Dusty stood, and found it strange that the action took all of his effort. Reluctantly he walked over to Rupert’s side, facing the agents. “Rupert’s right. Dale always called it like he saw it, but the profession’s full of people like that. Why would they have picked Dale and not some of the other controversial figures?”
“Look,” Rupert said tiredly. “I’m just trying to save you from a wild goose chase. What happened to Dale wasn’t the result of some petty professional squabble. Witches kill for personal reasons.” He aimed a finger at the ruins. “The answer is here. I have the excavation permit already filled out in my office. I’ll beg for rubber stamps from the Advisory Council on Historic Places and the New Mexico State Historic Preservation Office. And you can bet that, for Dale’s sake, I’ll get it in twenty-four hours.”

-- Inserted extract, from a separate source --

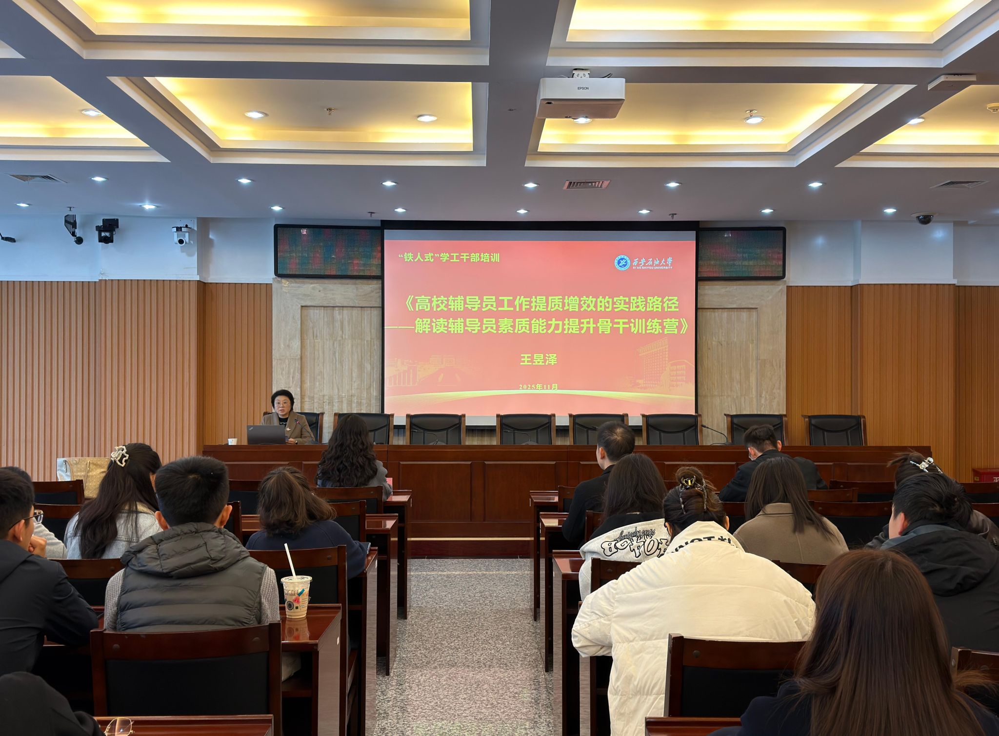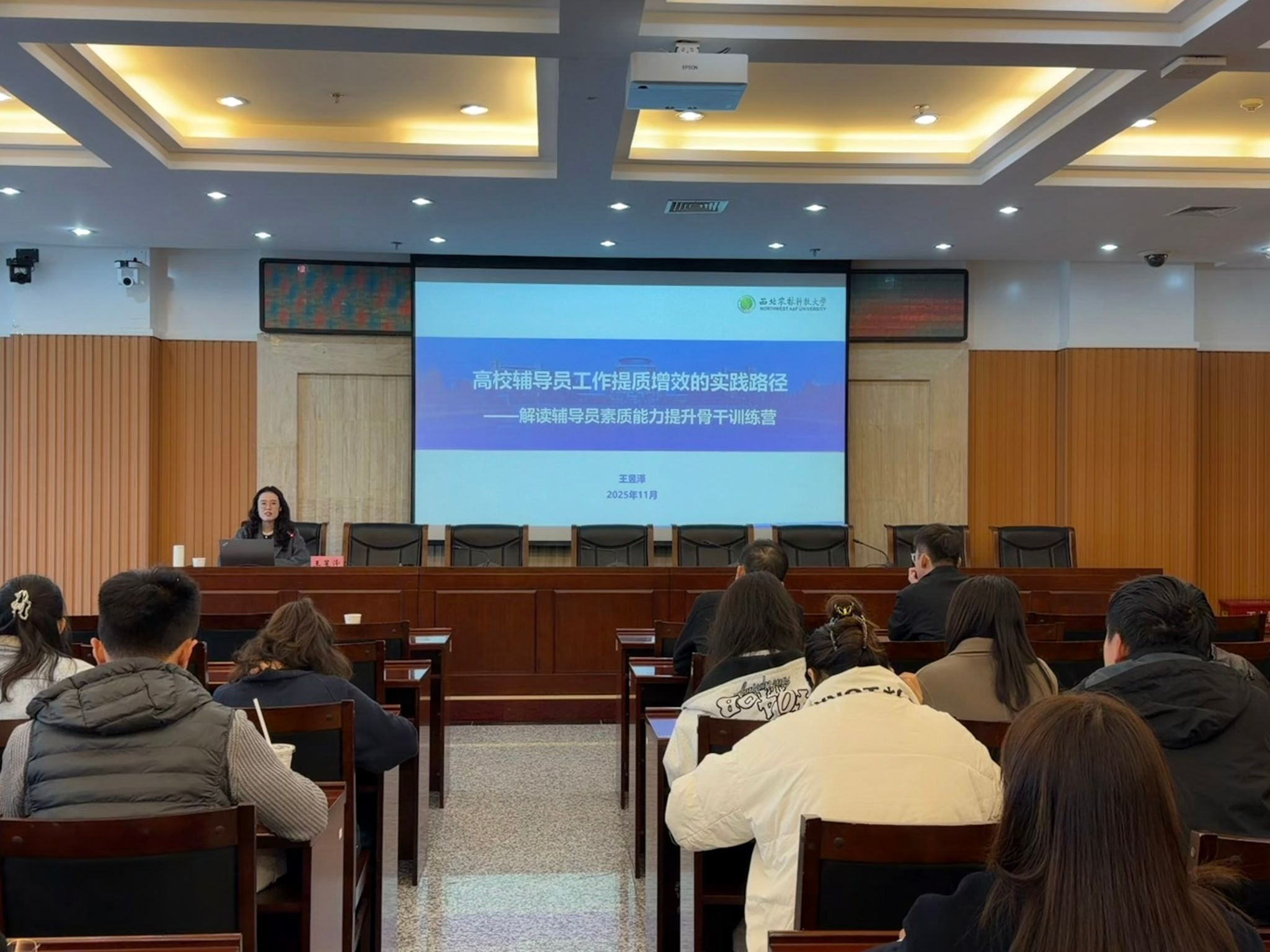 为进一步提升我校学工干部专业素养与工作实效,落实立德树人根本任务,11 月 3 日上午,我校在鄠邑校区图书馆第一会议室举办 “铁人式” 学工干部培训第七讲。本次培训邀请西北农林科技大学资源环境学院团委书记兼学生工作秘书王昱泽,作《高校辅导员工作提质增效的实践路径 —— 解读辅导员素质能力提升骨干训练营》专题报告。培训由学生工作部副部长毕轶慧主持,全体学工干部参加。

Hammond shivered in the wind. “Who’s going to do this digging? You?”
“I can’t. Convict of interest. Dale was a personal friend.” Rupert turned away and stepped over to the tape line where he stared down at the empty circle of Casa Rinconada’s great kiva one hundred yards to the south. A strangely haunted look entered his eyes.
“I’ll dig it,” Dusty said. “I have the people. They’ll fall over themselves to get a shovel into the ground here. We all loved Dale.”